• Task directions:
Return every entry below word for word and leave out any picture.
──────── Material for this task ────────
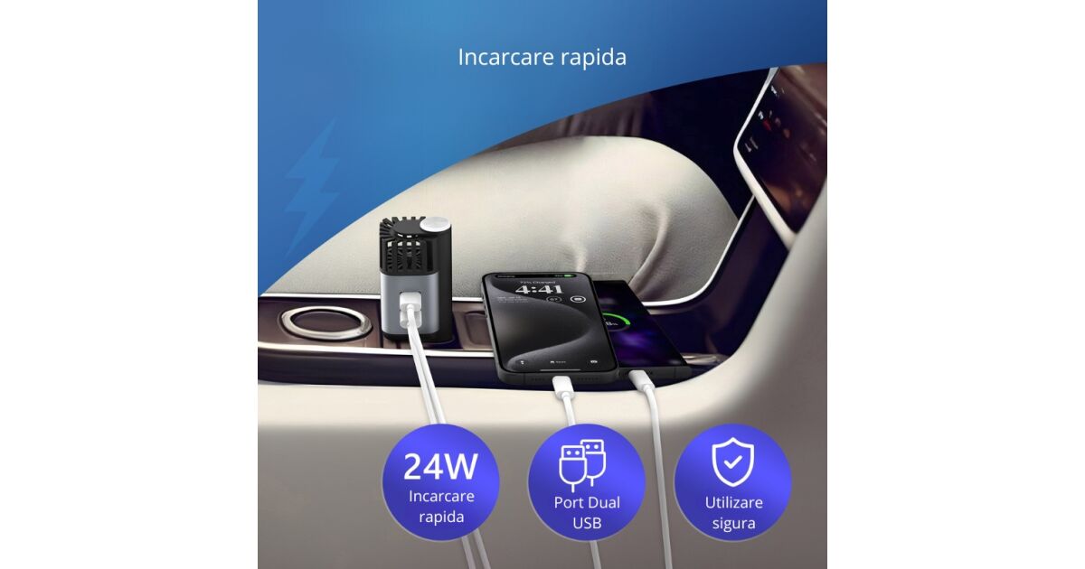 Ezt a terméket így is ismerheted: Purificator Auto, 2 in 1, ProClean, gri, 12.1 cm inaltime si 4.8 cm latime, din aliaj de aluminiu si ABS, este rezistent la zgarieturi si uzura, 2 porturi USB pentru incarcare rapida, elimina mirosurile neplacute
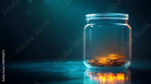 A glass jar sits on a dark blue surface, filled with gold coins that glow from within. The jar reflects the light, creating a mesmerizing image of wealth and prosperity.
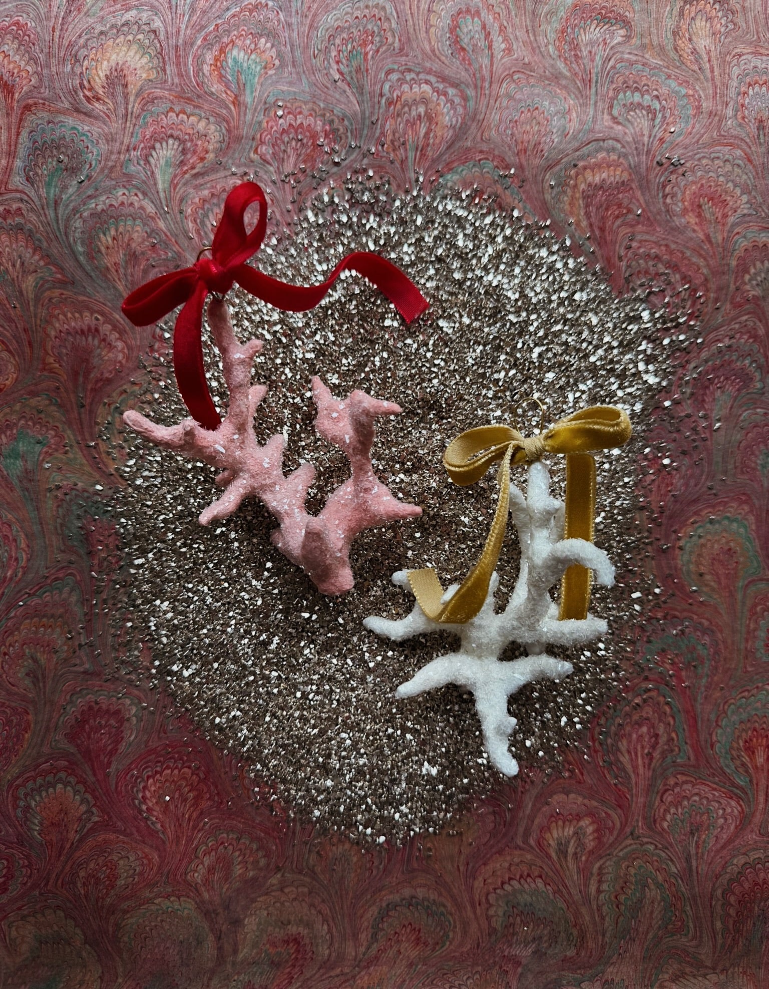 Inspired by joyful celebration, our collection of gilded shells are each painted and glass glittered by hand. Finished with an Italian velvet ribbon.
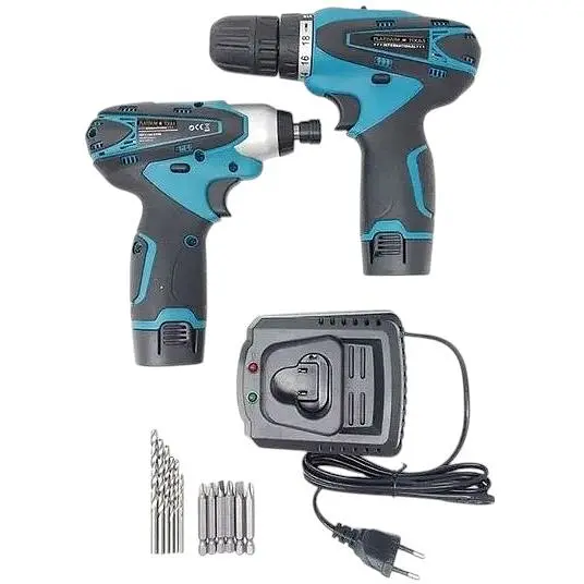 Этот набор состоит из двух аккумуляторных шуруповертов, предназначенных для закручивания/откручивания винтов и шурупов, сверления отверстий в различных конструкционных материалах (в том числе металле, дереве, пластмассе и т.п.).
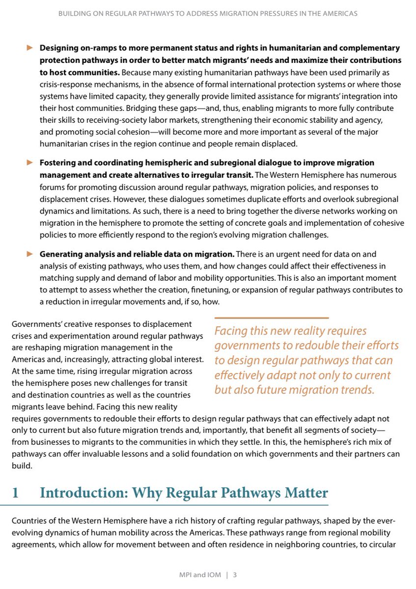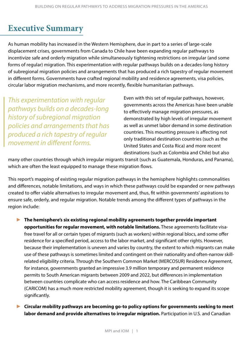 From the MPI report’s executive summary: “This experimentation with regular pathways builds on a decades-long history of subregional migration policies and arrangements that has produced a rich tapestry of regular movement in different forms.” https://t.co/KH8HFL3zF4
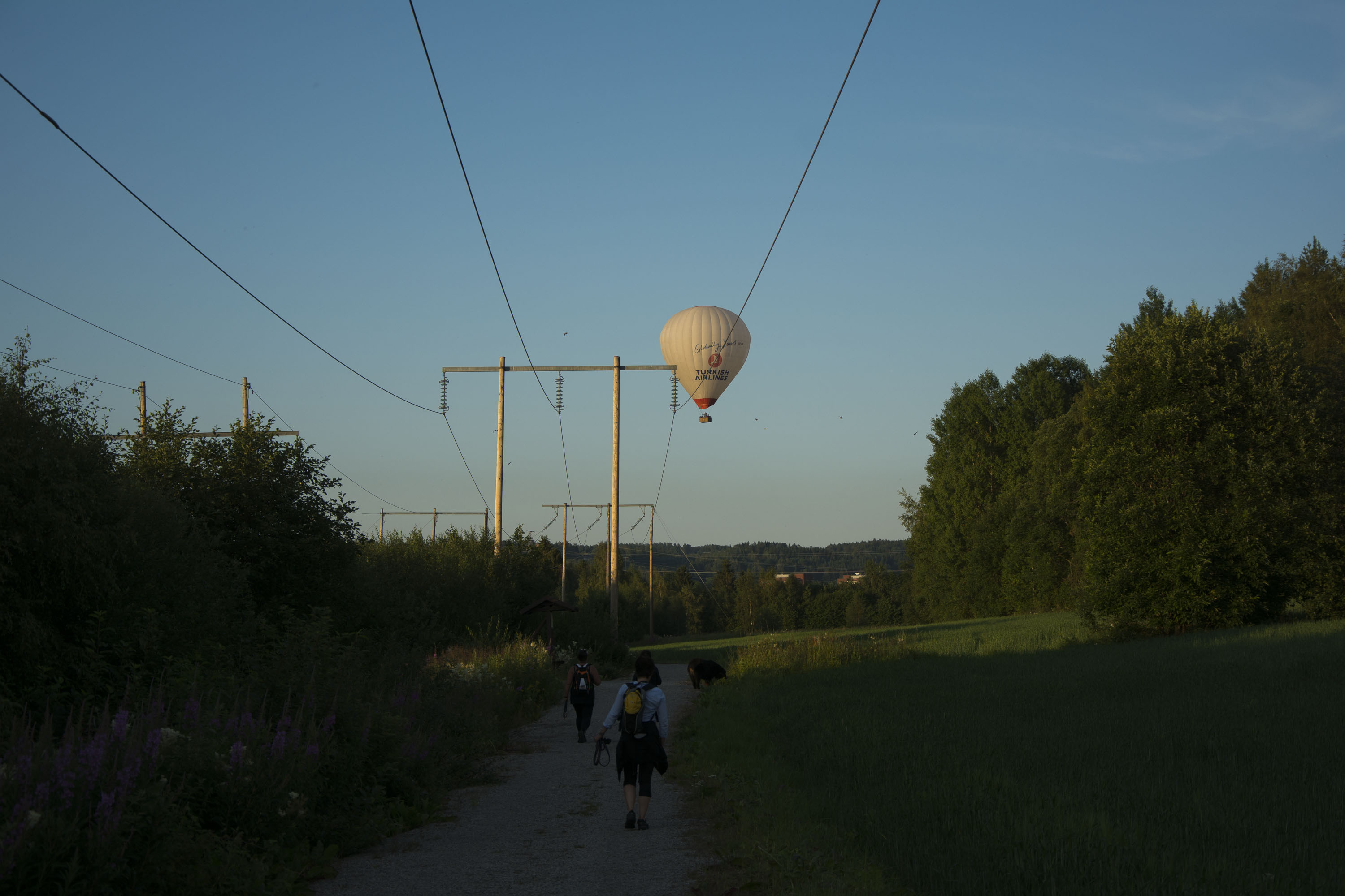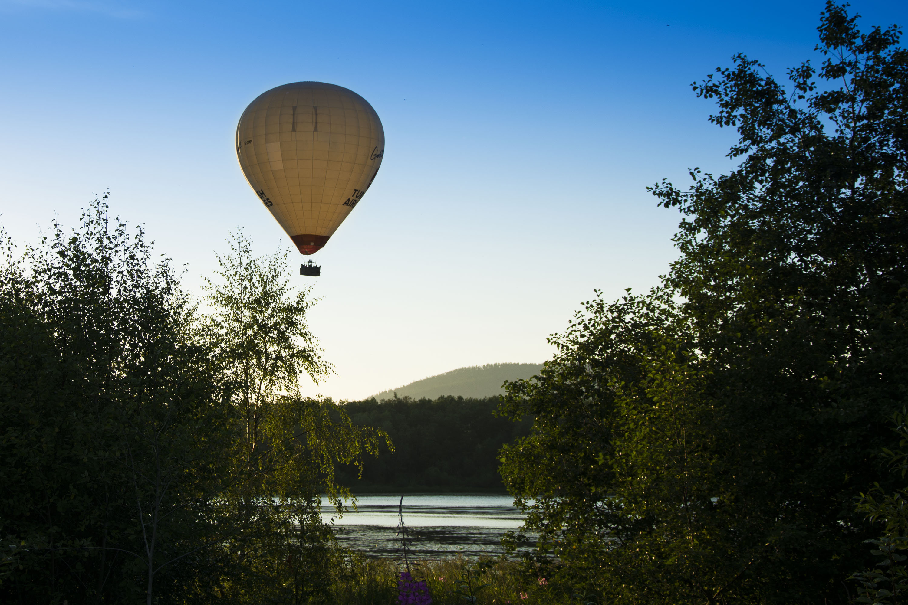Det kom en luftballong, förtvivlat blåsande varmluft för att få ballongen att stiga, men den dalade vackert ner mot Selångertjärnen ……… den hade nog nästan markkänningen innan den började stiga igen, vi kunde se att dom kastade vikter så en viss överlast var det nog!
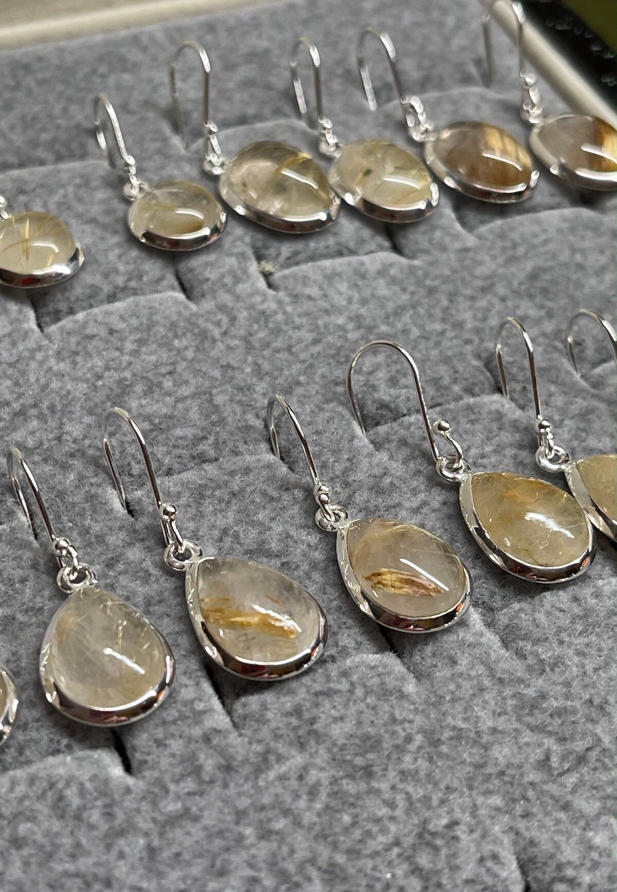 Zilveren oorbellen met Gouden Rutielkwarts edelstenen cabochon ovaal
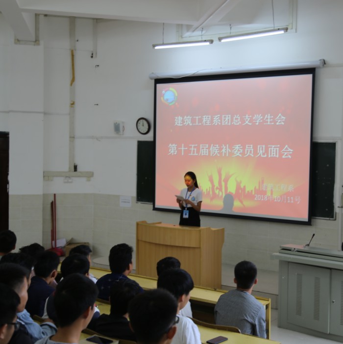 建筑工程系讯 2018年10月11日中午,建筑工程系第十五届团总支学生会候补委员在第一教学楼第一阶梯教室与我系党总支副书记罗皓、团总支书记周凤秀,以及第十四届团总支学生会成员见面。
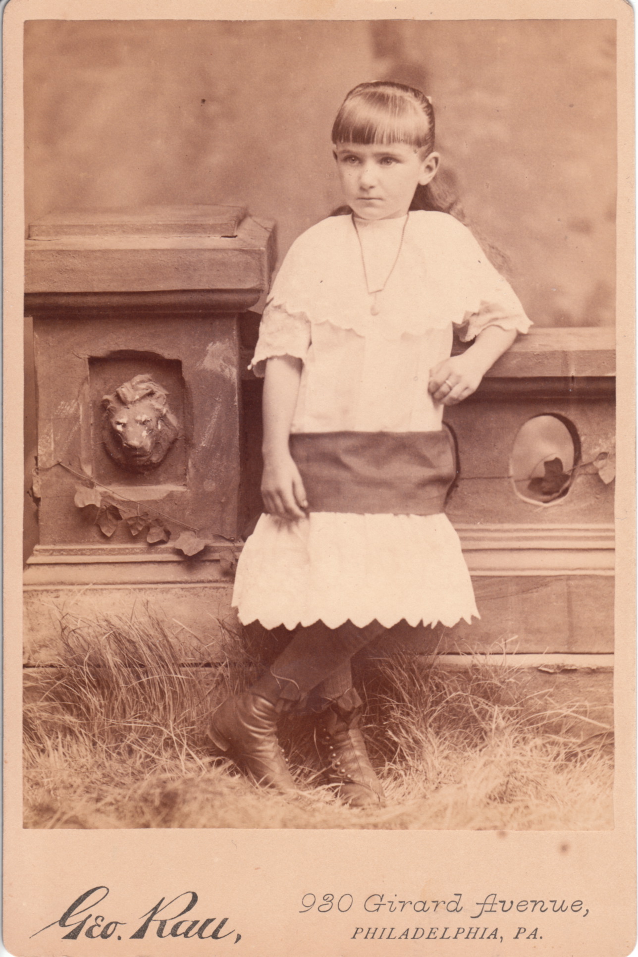 A young girl poses for this cabinet card photographed by George Rau of Philadelphia, Pennsylvania. She appears to be unenthusiastic about posing for this photograph. Note the sculpted lion head on the wall. The photographer, George Rau, was part of a well known family involved in early photography. Members of his family were active in the areas of lantern slides and stereographs. Research found much written about these family members but little about underachieving George. However, he was a contributor to a book called Photographic Mosaic (1884) in which he wrote a section on “Gelatine Emulsion Plates”.
────────
• Task response:
 Ezt a terméket így is ismerheted: Purificator Auto, 2 in 1, ProClean, gri, 12.1 cm inaltime si 4.8 cm latime, din aliaj de aluminiu si ABS, este rezistent la zgarieturi si uzura, 2 porturi USB pentru incarcare rapida, elimina mirosurile neplacute
 A glass jar sits on a dark blue surface, filled with gold coins that glow from within. The jar reflects the light, creating a mesmerizing image of wealth and prosperity.
 Inspired by joyful celebration, our collection of gilded shells are each painted and glass glittered by hand. Finished with an Italian velvet ribbon.
 Этот набор состоит из двух аккумуляторных шуруповертов, предназначенных для закручивания/откручивания винтов и шурупов, сверления отверстий в различных конструкционных материалах (в том числе металле, дереве, пластмассе и т.п.).
 From the MPI report’s executive summary: “This experimentation with regular pathways builds on a decades-long history of subregional migration policies and arrangements that has produced a rich tapestry of regular movement in different forms.” https://t.co/KH8HFL3zF4
Det kom en luftballong, förtvivlat blåsande varmluft för att få ballongen att stiga, men den dalade vackert ner mot Selångertjärnen ……… den hade nog nästan markkänningen innan den började stiga igen, vi kunde se att dom kastade vikter så en viss överlast var det nog!
 Zilveren oorbellen met Gouden Rutielkwarts edelstenen cabochon ovaal
 建筑工程系讯 2018年10月11日中午,建筑工程系第十五届团总支学生会候补委员在第一教学楼第一阶梯教室与我系党总支副书记罗皓、团总支书记周凤秀,以及第十四届团总支学生会成员见面。
 A young girl poses for this cabinet card photographed by George Rau of Philadelphia, Pennsylvania. She appears to be unenthusiastic about posing for this photograph. Note the sculpted lion head on the wall. The photographer, George Rau, was part of a well known family involved in early photography. Members of his family were active in the areas of lantern slides and stereographs. Research found much written about these family members but little about underachieving George. However, he was a contributor to a book called Photographic Mosaic (1884) in which he wrote a section on “Gelatine Emulsion Plates”.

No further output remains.